Partnership with Thales has launched the S3NS Trusted Cloud, now in preview, to fulfill France’s highest cloud certification, SecNumCloud, from the National Cyber Agency. It’s the first Google Cloud-based sovereign cloud provider operated, majority-owned, and fully controlled by a European entity.
For Identity and Access Management:
- In Q2, unified access policies will define IAM allow and IAM deny policies as a single specification, making fine-grained access controls more consistent.
- Managed Workload Identities, now in preview, lets you provision SPIFFE-based identities for workload-to-workload authentication utilizing mutual TLS. Workload Identity Federation with X.509 certificates is now available, strengthening workload authentication.
For data security
- Google Cloud Confidential Computing services are expanding. Confidential GKE Nodes with AMD SEV-SNP and Intel TDX will be available in Q2 without code changes to protect regular GKE workloads. GKE Nodes with NVIDIA H100 GPUs on the A3 machine series will preview in Q2 and allow secret GPU computing without code adjustments.
- Now fully accessible, Sensitive Data Protection discovery solution for Vertex AI and Azure Storage allows continuous data asset monitoring and interaction with Security Command Center’s virtual red teaming and AI Protection. It also announced Dataplex V2 support and preview data-in-motion scanning with Cloud Load Balancing and Secure Web Proxy.
- Single-tenant Cloud Hardware Security Module (HSM), under preview, gives users full administrative control over Google Cloud-managed, isolated HSM clusters.
To secure networks:
- Network Security Integration lets companies protect Google Cloud workloads with third-party network appliances and service deployments without changing routing policy or network architecture.
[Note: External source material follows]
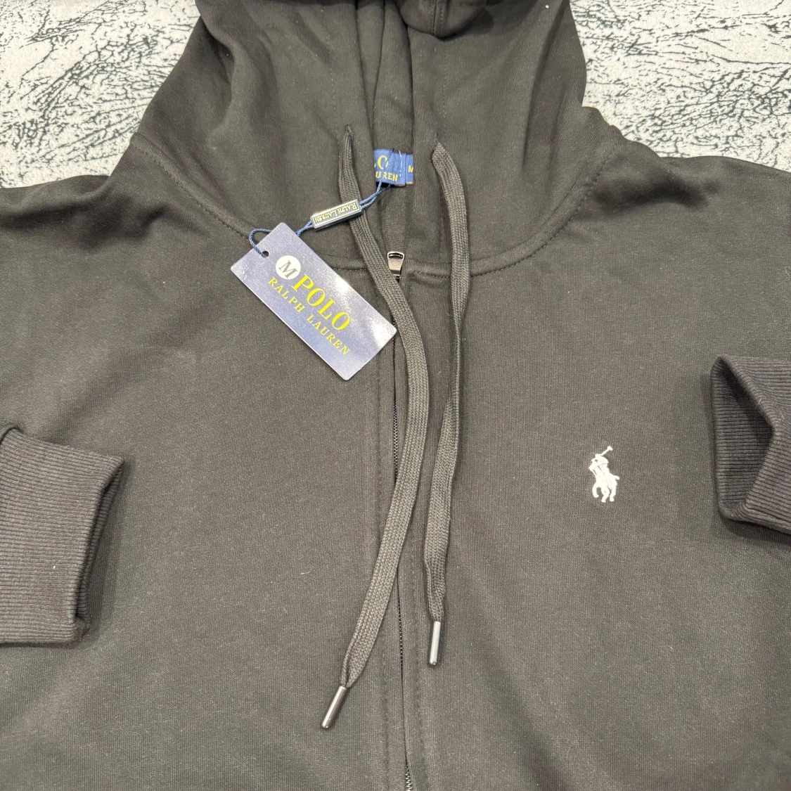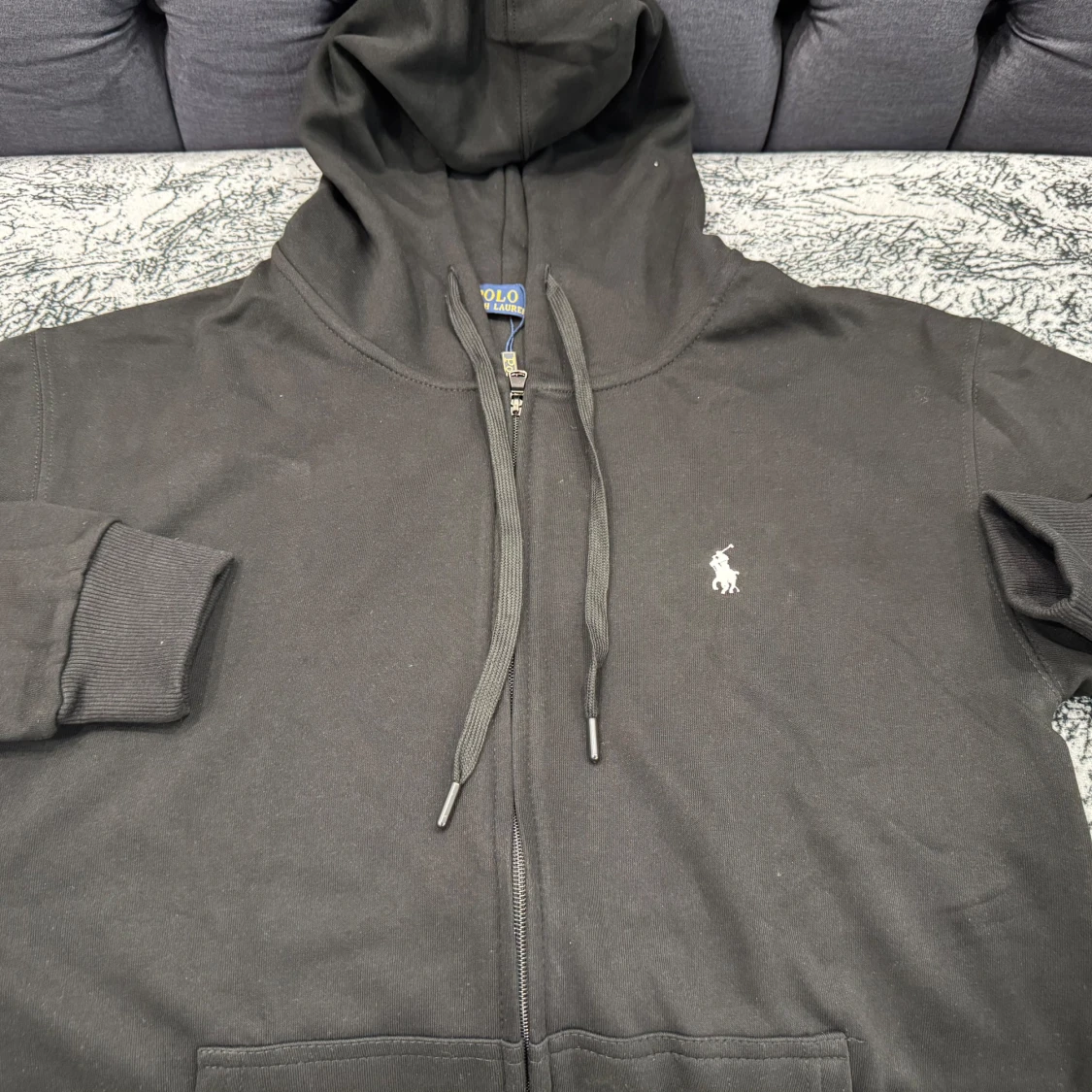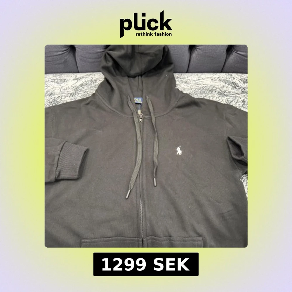 Svart hoodie från Polo Ralph Lauren med dragkedja, huva och snörning. Klassisk logga broderad på bröstet i vitt. Mjukt bomullsmaterial och ribbade muddar vid ärmslut och nederkant. Perfekt för en chill och stilren look.

Out-of-band ecosystem partner integrations are generally available, while in-band integrations are in preview.
- DNS Armor, powered by Infoblox Threat Defense, will preview later this year and detect DNS-based threats using multi-sourced threat intelligence and sophisticated AI/ML.
- Hierarchical policies for centralized control and automatic protection of new projects are showcased in Cloud Armor Enterprise.
- Later this year, Cloud NGFW Enterprise will preview L7 domain filtering to monitor and restrict egress web traffic to approved destinations.
- In preview, Secure Web Proxy (SWP) integrates Google’s Sensitive Data Protection and Symantec DLP service extensions for inline network data loss protection.
Next step
These announcements only scratch the surface of what it can achieve by combining security, AI, and frontline intelligence.
In today’s threat landscape, choosing a strategic security partner is crucial, and Google Unified Security is the best, easiest, and fastest method to add Google to your security team.